Öte taraftan, Çin’in, 70 yıl önce ABD’nin girişimiyle Japonya’nın alt edilmesinden kendine ‘zafer’ payı çıkarması da oldukça ilginç bir durum arz ediyor. Savaşın hemen daha başlarında, Japonların dönemin Çin hava kuvvetlerini etkisiz hale getirmesi, SSCB’nin bir süre sonra ortalıktan çekilmesi, Mançurya’da işin ABD hava kuvvetlerince halledilmesini zorunlu kılmıştı. Ülkenin doğusundaki Jiangsu Eyaleti’ndeki Pasifik Savaşı anısına inşa edilen anıt mezarda, hayatını kaybeden havacı askerlerden 2601’inin Amerikalı ve 1456’sının Çinli olduğu dikkate alındığında, savaşın hangi ittifaklarla yürütüldüğünü ortaya koyar. Japonya’nın Pekin, Şangay ve Nanjing gibi önemli şehirlerini deniz ve kara ulaşımını tümüyle kesmesi, Çin’in kurtuluşunu ABD’nin hava indirme güçlerine endekslemişti.

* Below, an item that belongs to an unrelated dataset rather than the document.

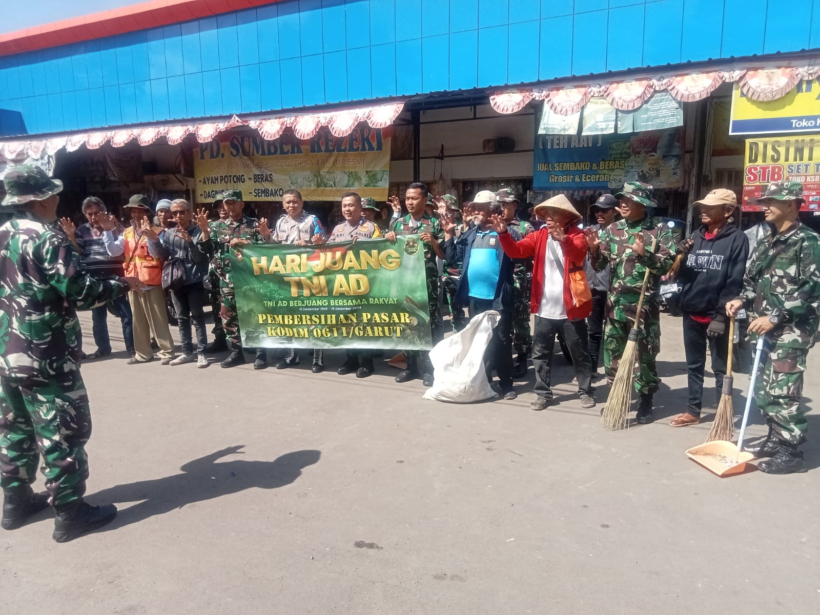 Lensanusantara.my.id – Garut | Dalam semangat memperingati Hari Juang TNI AD yang ke-79, TNI bersama Polri menggelar kegiatan Karya Bakti Sinergitas di Pasar Baraya, Kampung Parigi Kecamatan Banyuresmi Kabupaten Garut.

Aynı şekilde, Vladimir Putin’in geçen günkü törenlerde Xi Jinping’le beraberliği, Japonya’nın Rusya’ya karşı 1905’de kazandığı zafer karşısında, “düşmanımın düşmanı dostumdur” ilkesine tekabül edecek bir duruş olarak mı okumak gerekir acaba? Öyle ya, bu savaşın -ya da Japonya açısından kazanılan zaferin-, Stalin’in komünist Rusya’sına haddini bilmesi gerektiğini öğreterek, 1940’lı yıllarda Japonya’yla ‘saldırmazlık anlaşması’ imzalamak zorunda bırakmıştı. Aynı Stalin, ABD ile işbirliği çerçevesinde, atom bombalarının indirilmesinden sadece iki gün sonra (8 Ağustos 1945) ordularını Mançurya’ya indirme ‘cesareti’ göstermesinden neşet eden bir yakınlaşmanın, Putin’in Tiannenman meydanı’ndaki törenlere iştirakini açıklayan nedenlerden biri olsa gerek.

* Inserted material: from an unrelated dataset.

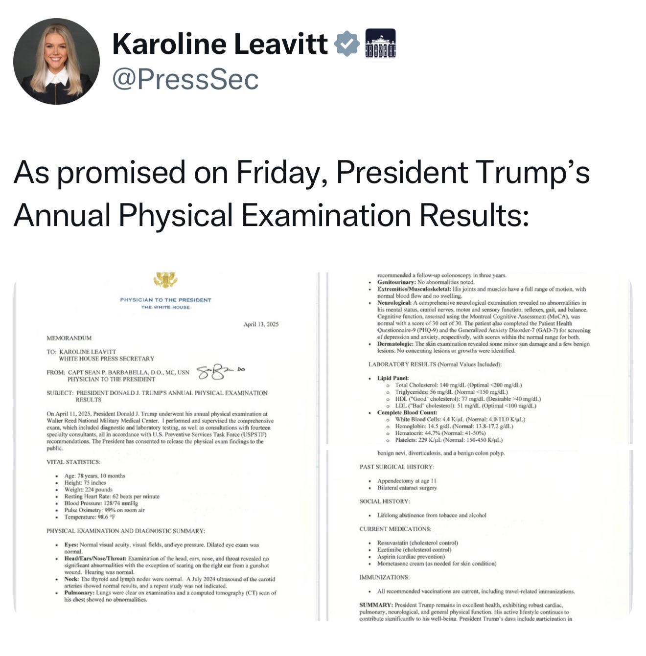 وقال طبيبه شون باربابيلا في مذكرة: "يظل الرئيس ترامب يتمتع بصحة ممتازة، ويظهر وظائف قلبية ورئوية وعصبية وجسدية عامة قوية".

Aynı Çin yönetiminin, İngiltere ile yıllarca süren ‘Opium Savaşları’ yıldönümünde benzer bir güç gösterisi sergile/ye/memesi de, bir diğer Asyalı millet Japonya’ya karşı beslenen ‘zayıflık’ psikolojinin ürünü. Öte yandan, savaş ruhunun öne çıktığı ‘barış kutlamalarına’, Birleşmiş Milletler Genel Sekreteri Ban Ki-Moon’un katılması da kafaları karıştırmış gözüküyor.

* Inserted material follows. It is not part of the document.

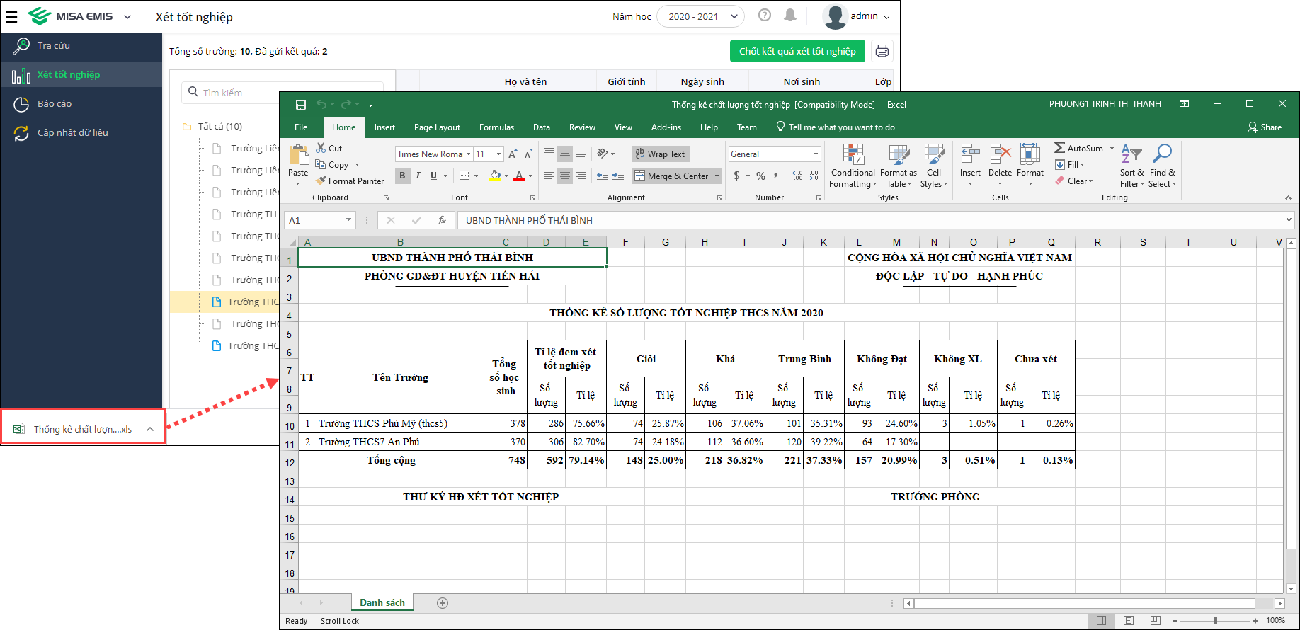 - Từ phiên bản R111: Bổ sung báo cáo Thống kê chất lượng xét tốt nghiệp dành cho cấp Phòng/Sở.

Bu noktada bir diğer hususa dikkat çekmekte fayda var. Bu yıl söz konusu savaşın 70 yılıyken, bu savaştan on yıl sonra, yani 1955 yılında Bandung’da bir konferans düzenlendi. Bu konferans, aralarında Sovyet Sosyalist Cumhuriyetler Birliği’nin de olduğu Batı dünyasının geliştirdiği ideolojik ayrıştırmalara karşı, “Üçüncü Dünya” ülkeleri denilen ve yüzyıllarca sömürgeleştirilmiş topraklardan neşet eden yeni devletlerin girişimiyle gerçekleştirilen bir inisiyatifti. Soğuk Savaş yıllarının puslu günlerinde dünya kamuoyuna, özellikle Afrika ve Asya toplumlarına bır umut ışığı olan Bandung Konferansı, geçen gün Tiannenman Meydanı’ndaki görkemle anıl/a/madı maalesef.
Bu iki yıl dönümü kutlamaları arasında gözlemlenen çelişki, sadece küresel medya marifetiyle açıklanamaz herhalde. Aksine, hem Batılı ülkeler ve de özellikle Üçüncü Dünya ülkelerinin bağımsızlık yanlısı, tarafsız ve barışçıl uluslarının da geçen altmış yılda nereden nereye geldiklerinin hesabını ortaya koymak açısından önemli. Bu nedenledir ki, 2. Dünya Savaşı yıldönümü Bandung Konferansı yıldönümüyle karşılaştırılmalı olarak ele alındığına pek de şahit olmadık.
Bandung Konferansı, henüz savaştan yeni çıkmış ve etkileri eski sömürge topraklarında da hissedilmesiyle, 1945-55 arasındaki on yıl içerisinde yaşanan tecrübelerden ders almayan Batı’nın bir yanda kapitalizm, öte yandan komünizm söylemiyle dünyayı bir kez daha yıkıma doğru sürükleme iştiyakına bir tepkiydi. Tabii bunu söyleyerek, Bandung’da öne çıkan liderler ve onların gelecek projeksiyonunun öyle pek abartılması yanlısı da değilim. Ancak bir ‘duruş’ ve bir ‘inisiyatif’ olarak üzerinde durulmayı hak eden; nasıl kurulduğu, kimler tarafından ve nasıl bir ümit aşıladığı ve nasıl bir sonuca ulaştığı gibi sorulara karşılık gelecek bir çalışma sürecini hak ediyor.
Unutmayalım ki, aynı Çin, 1949 Mao Devrimi’nin ardından yasaklı hale getirilmiş ve ancak Bandung Konferansı ile küresel siyasal ortamda meşruiyet zemini bulabilmişti. Ancak aynı Çin, bugün şimdilik ‘retorik’ bağlamında da olsa savaş söylemleriyle Doğu ve Güney Çin Denizleri’ne komşu ülkeler üzerinde bir güç temerküzü yapmıyor değil. Çin’e ekonomik yatırımları nedeniyle kucak açan ülkelerin Xi Jinping’in 2011’de verdiği sözü yerine getirmesini beklentisi içerisinde. Böylece Çin’i, küresel barışa katkısı çok daha kapsamlı bir şekilde ortaya konmuş olacak.